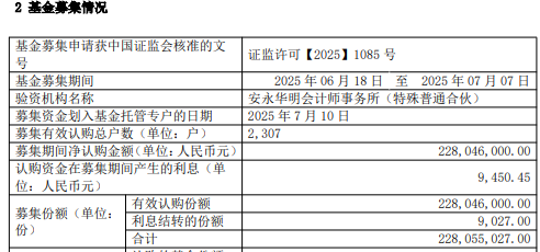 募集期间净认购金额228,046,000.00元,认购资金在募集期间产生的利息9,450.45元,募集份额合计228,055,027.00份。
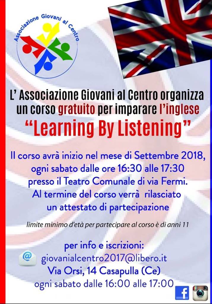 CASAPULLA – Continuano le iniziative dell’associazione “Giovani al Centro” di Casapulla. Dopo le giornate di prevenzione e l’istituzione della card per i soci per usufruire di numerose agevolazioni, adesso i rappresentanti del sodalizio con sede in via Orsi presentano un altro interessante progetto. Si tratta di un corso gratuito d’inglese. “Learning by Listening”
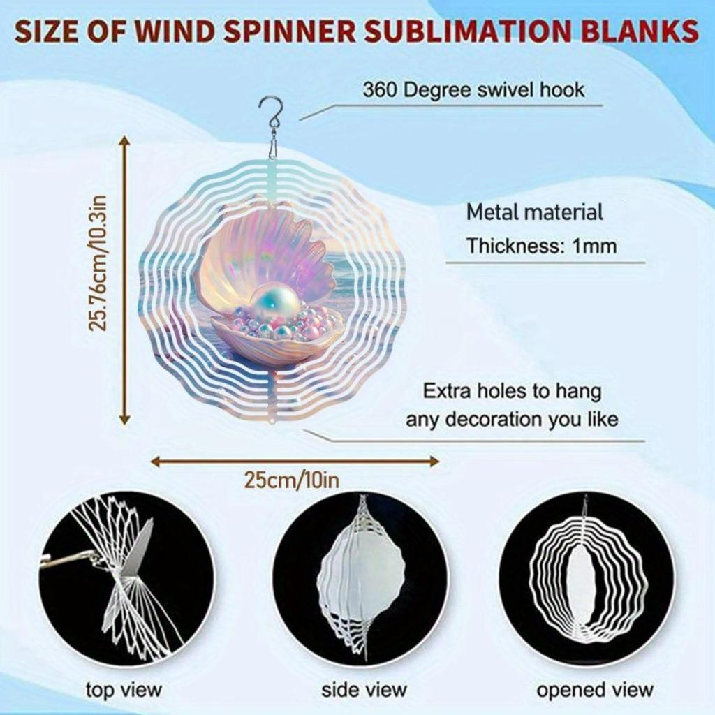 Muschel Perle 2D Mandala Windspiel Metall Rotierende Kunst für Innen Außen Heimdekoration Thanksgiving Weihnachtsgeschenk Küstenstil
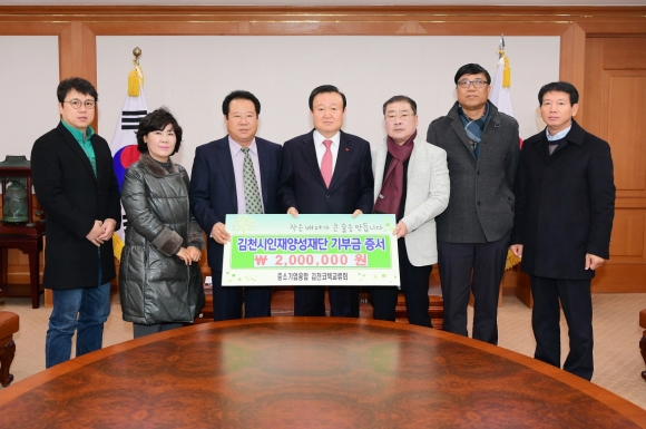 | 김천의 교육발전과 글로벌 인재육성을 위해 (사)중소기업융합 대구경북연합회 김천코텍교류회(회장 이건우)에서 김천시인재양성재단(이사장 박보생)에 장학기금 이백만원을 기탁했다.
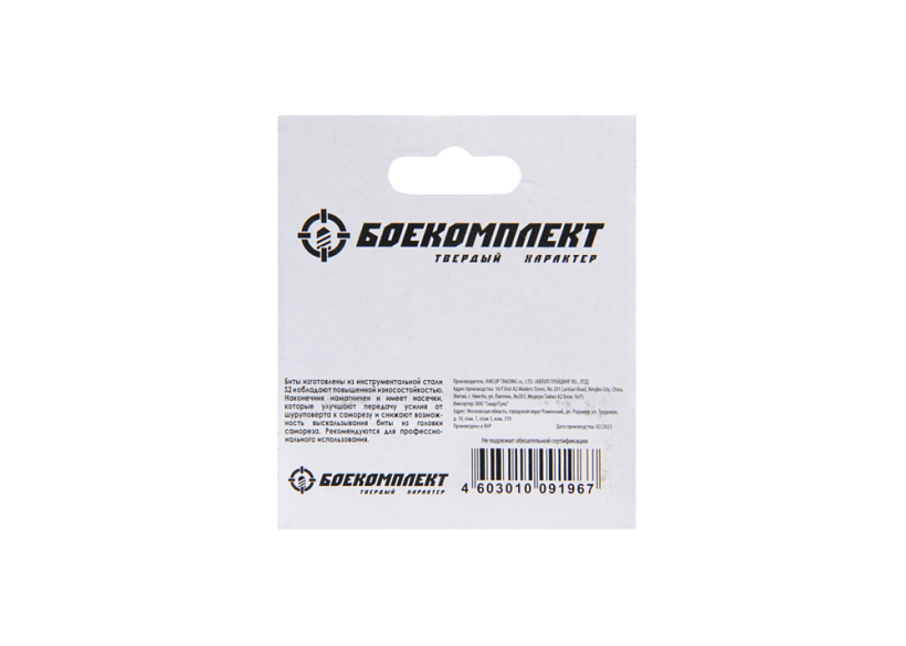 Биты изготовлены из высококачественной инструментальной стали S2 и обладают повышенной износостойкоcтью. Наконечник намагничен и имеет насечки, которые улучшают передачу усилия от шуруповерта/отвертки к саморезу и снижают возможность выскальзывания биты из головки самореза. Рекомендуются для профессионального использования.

---*---

▶ _TASK_
From first line to last, return the records verbatim without their pictures.

▶ _WRITTEN SOLUTION_
 募集期间净认购金额228,046,000.00元,认购资金在募集期间产生的利息9,450.45元,募集份额合计228,055,027.00份。
 CASAPULLA – Continuano le iniziative dell’associazione “Giovani al Centro” di Casapulla. Dopo le giornate di prevenzione e l’istituzione della card per i soci per usufruire di numerose agevolazioni, adesso i rappresentanti del sodalizio con sede in via Orsi presentano un altro interessante progetto. Si tratta di un corso gratuito d’inglese. “Learning by Listening”
 Muschel Perle 2D Mandala Windspiel Metall Rotierende Kunst für Innen Außen Heimdekoration Thanksgiving Weihnachtsgeschenk Küstenstil
 | 김천의 교육발전과 글로벌 인재육성을 위해 (사)중소기업융합 대구경북연합회 김천코텍교류회(회장 이건우)에서 김천시인재양성재단(이사장 박보생)에 장학기금 이백만원을 기탁했다.
 Биты изготовлены из высококачественной инструментальной стали S2 и обладают повышенной износостойкоcтью. Наконечник намагничен и имеет насечки, которые улучшают передачу усилия от шуруповерта/отвертки к саморезу и снижают возможность выскальзывания биты из головки самореза. Рекомендуются для профессионального использования.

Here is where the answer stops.